Sunday, January 23, 2011

Assistant Secretary of Air Force visits Baghdad

A senior Pentagon official said airmen deployed to Iraq in 2011 will play a historic role as U.S. military forces drawdown under the 2008 bilateral security agreement.

“This is a particularly important time in Iraq,” explained Daniel Ginsberg, assistant secretary of the Air Force for Manpower and Reserve Affairs, during a visit to Baghdad Jan. 21. “The nature of our presence here is going to change fundamentally and airmen, like you all, are stepping up to make sure the mission gets done.”

Under Operation New Dawn, nearly 50,000 U.S. service members in Iraq continue to conduct stability operations, focusing on advising, assisting and training Iraqi Security Forces. More than 1,000 U.S. Air Force airmen assigned to the 321st Air Expeditionary Wing and Iraq Training and Advisory Mission – Air support OND from various locations throughout the country.

Assistant Secretary Ginberg, who is responsible for manpower, military and civilian personnel, Reserve component affairs, and readiness support, said airmen from all walks of life and service components have performed admirably after almost a decade of war in Iraq and Afghanistan. In just the past 12 months, ITAM-AF airmen doubled the size of trained Iraqi airmen and helped field more than 130 fixed- and rotary-wing aircraft for the Iraqi Air Force.

“There are very few times in our nation’s history when all components – active, Reserve and Guard – have come together and performed at this level of efficiency over this length of time,” he told airmen while visiting Sather Air Base and surrounding bases in the Baghdad area Jan. 21 through 22. “We are a true total force.”

Air Force leaders decided last fall to extend standard active duty deployments from four to six months. Assistant Secretary Ginsberg said the decision has helped widen the gap between deployments for some “taxed” Airmen while capitalizing on their experience down range.

“The shift to 180-day deployments gives our airmen more time at home and it also provides deeper mission experience,” he said. “This way, airmen can operate at a higher level of intensity over a longer period of time.”

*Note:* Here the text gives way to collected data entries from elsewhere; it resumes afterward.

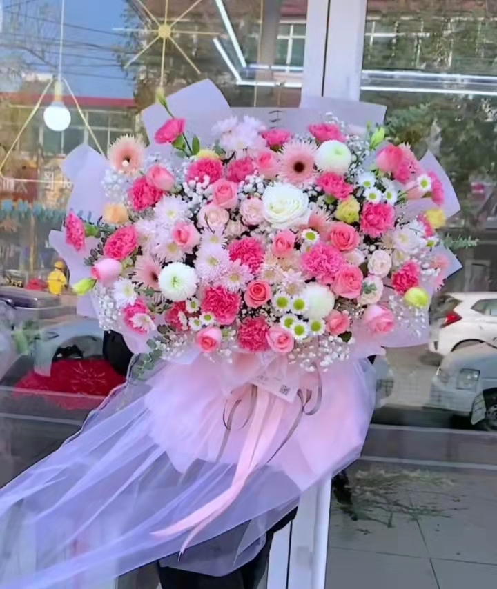 花材:20支康乃馨,20支粉玫瑰,10支粉色弗兰花,小雏菊半扎 桔梗半扎 满天星半扎 乒乓菊5个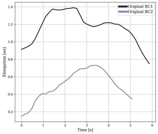 Two examples of breathing cycles (BC) shifted in time to fit a single figure, in which the lung volume is estimated by adding the data from the belts around the abdomen and the ribs.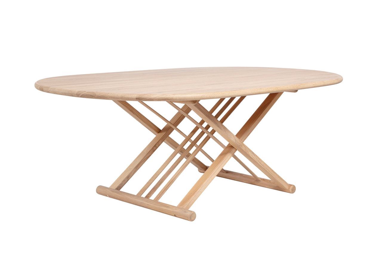 Smukt og utraditionelt sofabord fra Haslev. Bordets har krydsunderstel og har justerbar højde der indstilles i 6 forskellige indstillinger. Det fine sofabord er lavet i massivt egetræ og har en oval form. Bordet er perfekt som sofabord og passer ind i de fleste nordiske indretninger.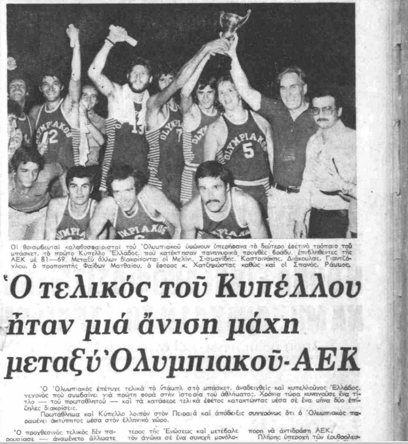 Στις 12 Ιουλίου 1976, στο κλειστό γήπεδο της Γλυφάδας, ο Ολυμπιακός νικούσε 81-69 την ΑΕΚ και κατακτούσε το Κύπελλο, που είχε καθιερώσει -για πρώτη φορά- η ομοσπονδία μπάσκετ.

Despite what the assistant secretary called America’s “era of austerity,” he assured Air Force leadership’s commitment to take care of airmen as they continue to balance home life and commitments abroad.

“The Air Force has a commitment to provide for its people,” he said before touring some of Sather AB’s facilities Jan. 22. “There are certain values that define us as a service and what we do. We want to preserve that climate for our airmen.”